*** Begin section ***
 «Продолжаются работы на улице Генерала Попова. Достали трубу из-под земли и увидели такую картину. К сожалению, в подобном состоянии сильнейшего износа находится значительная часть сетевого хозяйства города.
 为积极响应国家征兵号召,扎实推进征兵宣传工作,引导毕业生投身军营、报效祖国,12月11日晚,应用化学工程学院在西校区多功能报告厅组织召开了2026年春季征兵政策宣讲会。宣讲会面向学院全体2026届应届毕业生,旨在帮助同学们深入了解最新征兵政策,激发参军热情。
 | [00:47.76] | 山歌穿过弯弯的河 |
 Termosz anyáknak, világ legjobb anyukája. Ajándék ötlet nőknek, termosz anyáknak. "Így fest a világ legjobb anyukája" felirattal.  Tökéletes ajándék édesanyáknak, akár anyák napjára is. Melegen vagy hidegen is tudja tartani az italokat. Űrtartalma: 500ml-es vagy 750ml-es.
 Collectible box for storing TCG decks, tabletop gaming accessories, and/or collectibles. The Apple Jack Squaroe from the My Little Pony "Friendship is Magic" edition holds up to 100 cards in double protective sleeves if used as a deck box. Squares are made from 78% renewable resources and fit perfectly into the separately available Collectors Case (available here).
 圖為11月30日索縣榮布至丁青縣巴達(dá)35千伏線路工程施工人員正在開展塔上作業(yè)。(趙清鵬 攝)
*** End section ***
*** Begin section ***
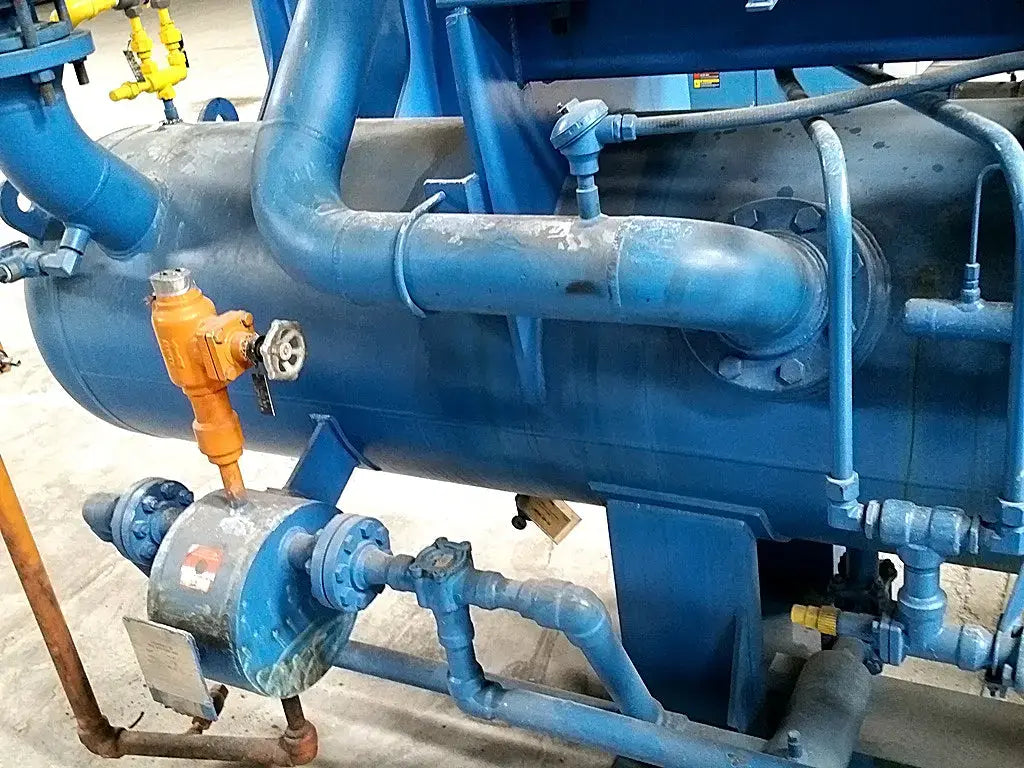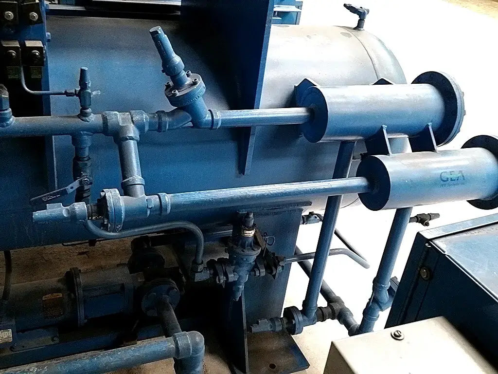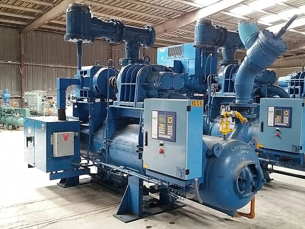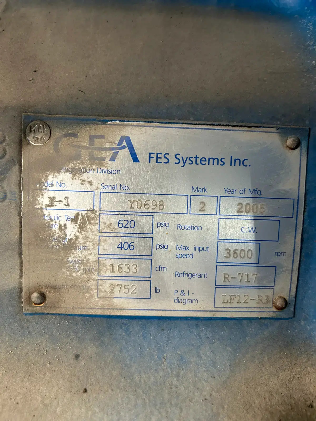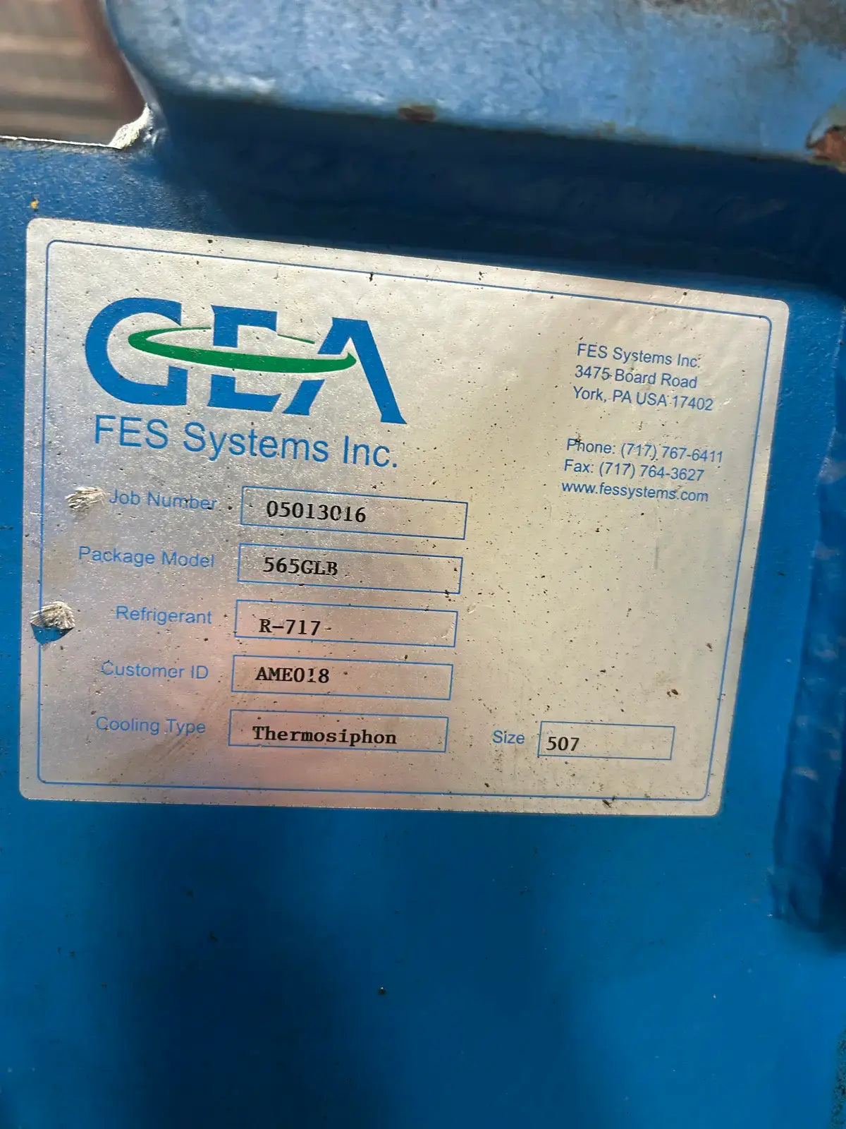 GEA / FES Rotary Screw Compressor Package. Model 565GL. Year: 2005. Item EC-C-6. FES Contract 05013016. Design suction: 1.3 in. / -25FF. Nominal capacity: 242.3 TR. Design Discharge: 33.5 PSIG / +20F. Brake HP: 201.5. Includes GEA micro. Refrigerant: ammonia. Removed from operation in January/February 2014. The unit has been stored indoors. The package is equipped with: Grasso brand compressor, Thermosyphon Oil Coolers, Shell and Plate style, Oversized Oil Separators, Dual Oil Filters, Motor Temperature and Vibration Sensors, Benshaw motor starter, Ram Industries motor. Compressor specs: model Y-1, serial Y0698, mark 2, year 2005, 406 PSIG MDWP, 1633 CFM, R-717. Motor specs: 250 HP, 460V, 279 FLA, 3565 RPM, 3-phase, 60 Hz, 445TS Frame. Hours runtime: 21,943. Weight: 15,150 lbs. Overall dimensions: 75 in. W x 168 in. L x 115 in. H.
*** End section ***
Going back over the entries above, copy word for word every line from the one that has "为积极响应国家征兵号召,扎实" on through the one that has "圖為11月30日索縣榮布至丁".

* **Solution for this task**
 为积极响应国家征兵号召,扎实推进征兵宣传工作,引导毕业生投身军营、报效祖国,12月11日晚,应用化学工程学院在西校区多功能报告厅组织召开了2026年春季征兵政策宣讲会。宣讲会面向学院全体2026届应届毕业生,旨在帮助同学们深入了解最新征兵政策,激发参军热情。
 | [00:47.76] | 山歌穿过弯弯的河 |
 Termosz anyáknak, világ legjobb anyukája. Ajándék ötlet nőknek, termosz anyáknak. "Így fest a világ legjobb anyukája" felirattal.  Tökéletes ajándék édesanyáknak, akár anyák napjára is. Melegen vagy hidegen is tudja tartani az italokat. Űrtartalma: 500ml-es vagy 750ml-es.
 Collectible box for storing TCG decks, tabletop gaming accessories, and/or collectibles. The Apple Jack Squaroe from the My Little Pony "Friendship is Magic" edition holds up to 100 cards in double protective sleeves if used as a deck box. Squares are made from 78% renewable resources and fit perfectly into the separately available Collectors Case (available here).
 圖為11月30日索縣榮布至丁青縣巴達(dá)35千伏線路工程施工人員正在開展塔上作業(yè)。(趙清鵬 攝)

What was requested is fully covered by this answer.